We all know the Jurassic generation of rock stars have "cleaned up their act" these days, but does this rock-fest have to be quite so staid? All together now; "Hope I die before I get old ..."

Sir Ian MacLaurin, chairman of Tesco, adds another feather to his cap. Not only has Tesco edged ahead of Sainsbury as Britain's biggest food retailer, but now Sir Ian's stores are also the favourite place to buy wine.

According to business magazine Checkout, Tesco had a 39 per cent share of the plonk market over the last quarter, shading Sainsbury by 2 per cent. Between them the two giants sell four out of five bottles of wine bought for drinking at home.

There is one worrying aspect, however. The survey found that "convenience, price and range far outweigh factors such as friendly staff and information on wine" when customers decide where to buy. Let's hope Asda (19 per cent) and Safeway (18 per cent) don't take the message to heart and instruct their staff to tell wine buyers to "get knotted".

If Sir Ian or anyone else wants to hire Skinner and Baddiel, fantasy footballers and word-smiths of the current England footy anthem, think twice. James Herring, the duo's agent, was recently asked by a PR hackette how much it would cost to hire them. Mr Herring replied: "If you can afford anything north of pounds 30,000, love, you're in business."
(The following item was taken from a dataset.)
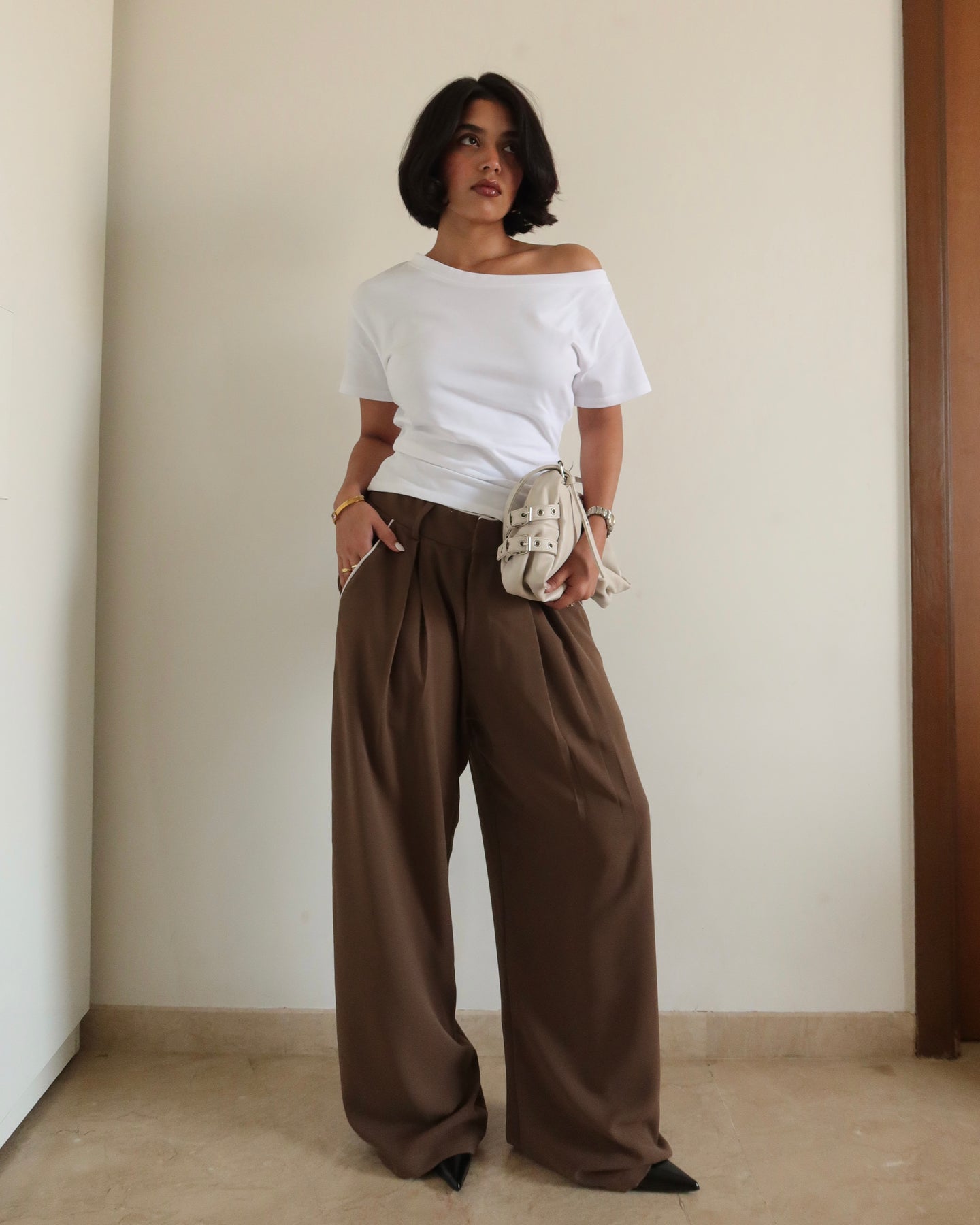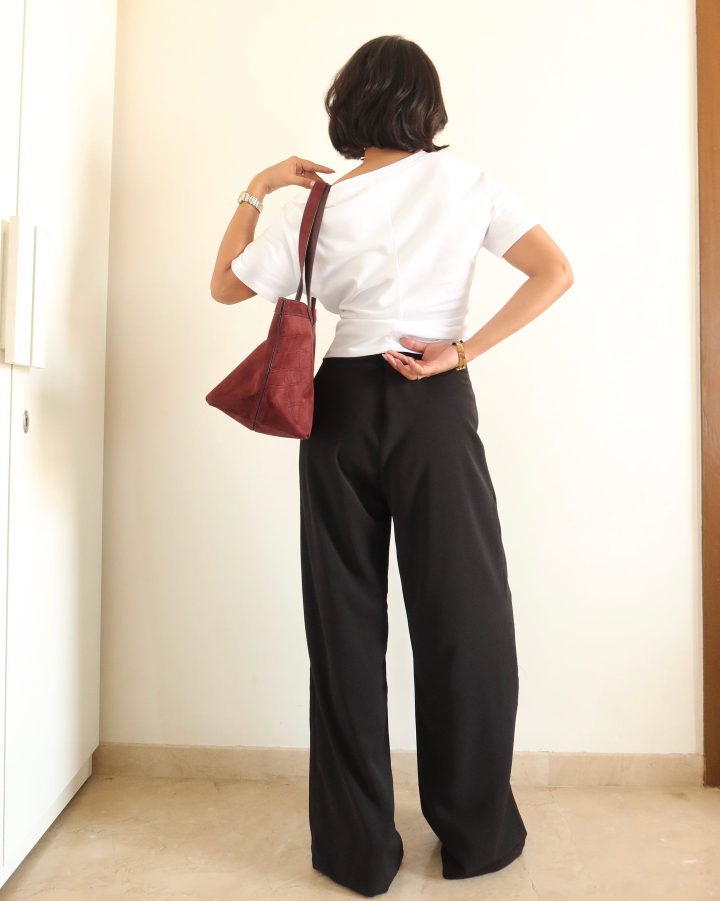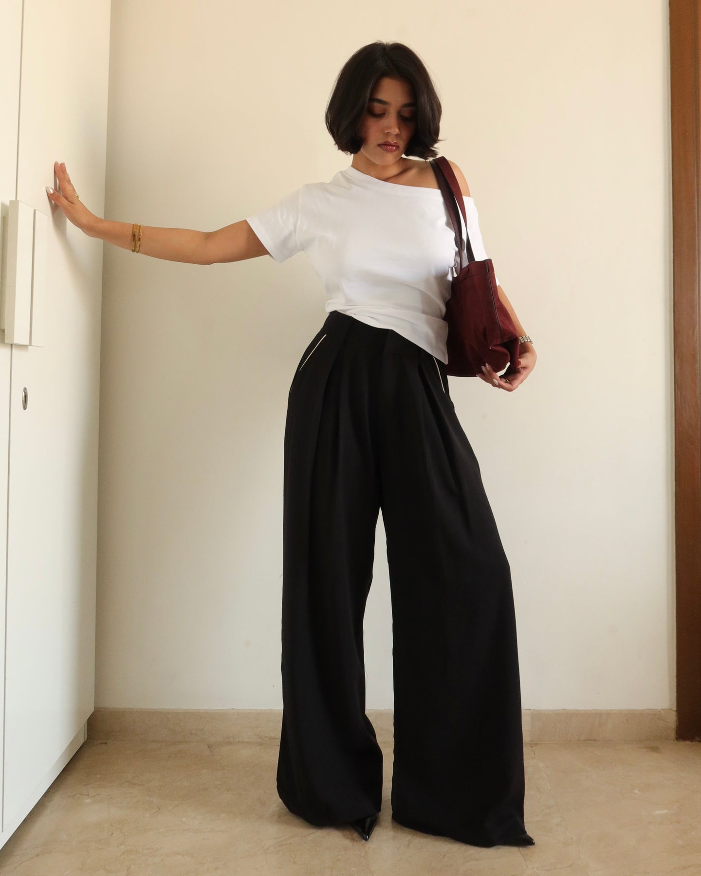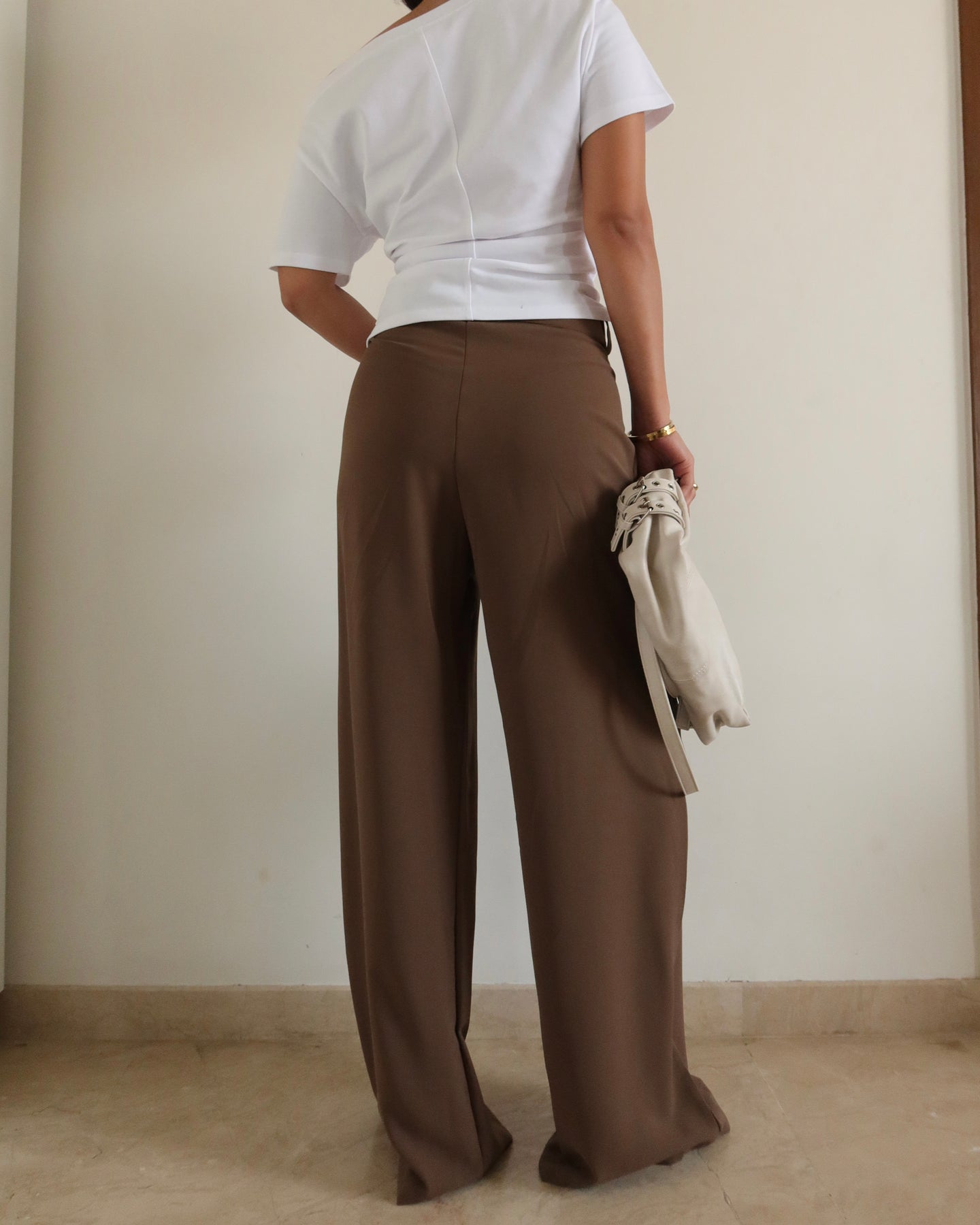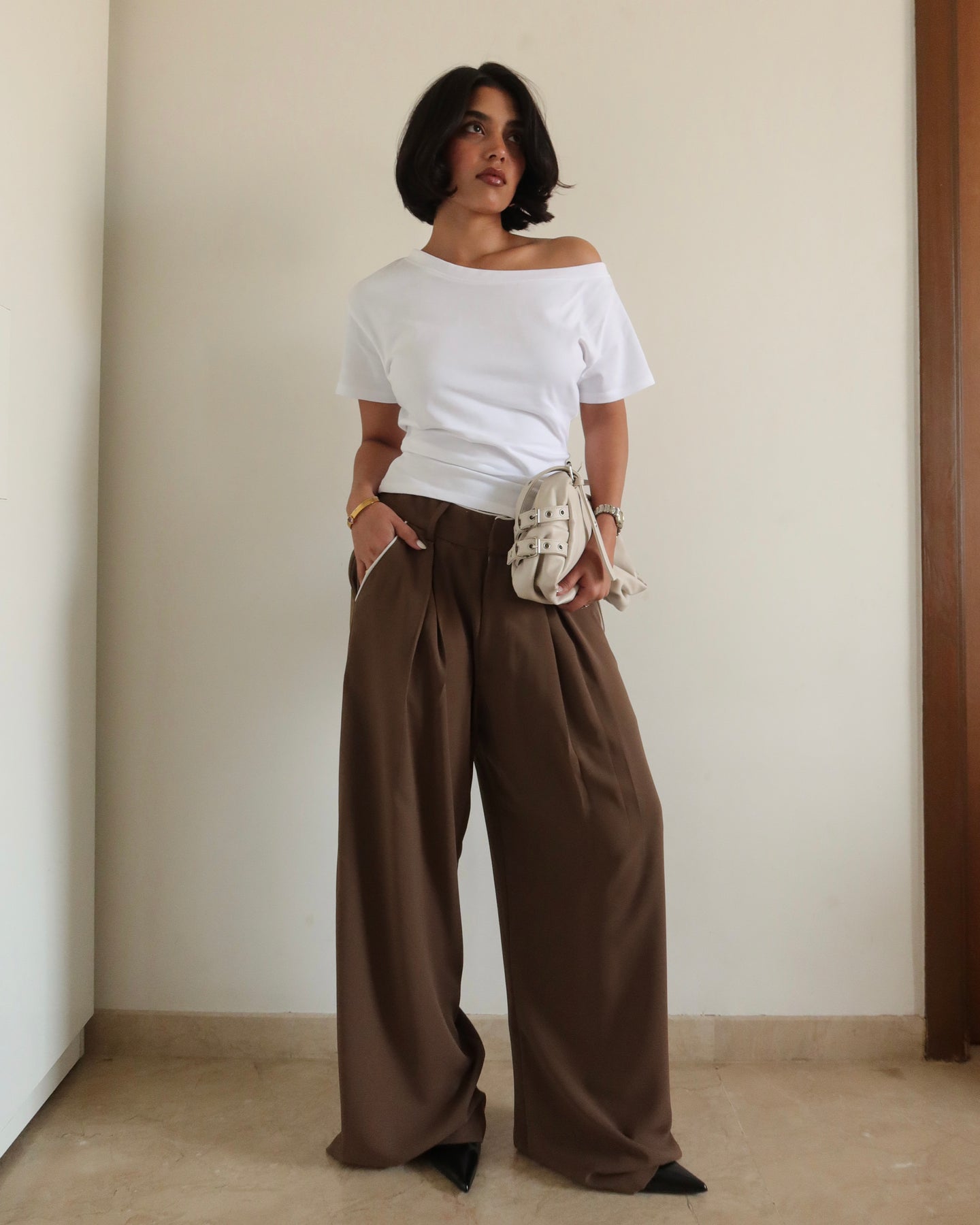 The Outline Pleats Pants — Women blend refined tailoring with modern minimalism. Designed with clean front pleats and contrast piping, they offer a sophisticated yet understated statement.
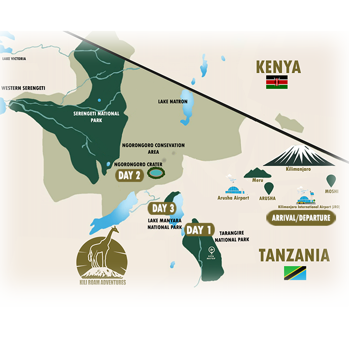 Enjoy a picnic lunch in one of the park’s designated spots, taking in the tranquil scenery and sounds of nature. In the afternoon, you’ll begin your journey back to Arusha, where you’ll arrive in the early evening, marking the end of your memorable 3-day safari adventure with Kili Roam Adventures.

Nursing your hangover, dear reader, take pity on poor Ray Nethercott, fanatical Liverpool supporter and md of Allied Carpets.

The company not only announced its float yesterday, mere hours before England's date with destiny. Mr Nethercott also arranged a presentation to fund managers Fidelity at 6.30pm - half an hour before kick-off. The briefing could not be postponed as it was being beamed to the US, where "soccer" is seen as an effete non-sport for foreigners.

Mr Nethercott said yesterday lunchtime : "I think if I race through the presentation at 200 miles an hour I may just get it finished." Fingers crossed that he made it.

Is there anyone you have met in the media and advertising world during your career who you really hate, loathe and despise? Now's your chance to get your own back - or so it would appear. A bizarre ad in Private Eye this week is headed: "Spirit of Machiavelli alive and well in advertising world?" It goes on: "Serious author proposes to chronicle the most dire examples in agency/media world of back stabbing, stitching-up, brown-nosing, sexual harassment ... scheming and downright malice .... If indeed any of the above still exist in the caring, sharing Nineties."

The author then provides a fax number for suggestions.

But hang on. Could the ad be a trap placed by a coalition of the nastier people in advertising who want to find out who their true enemies are - and then crush them? I think we should be told.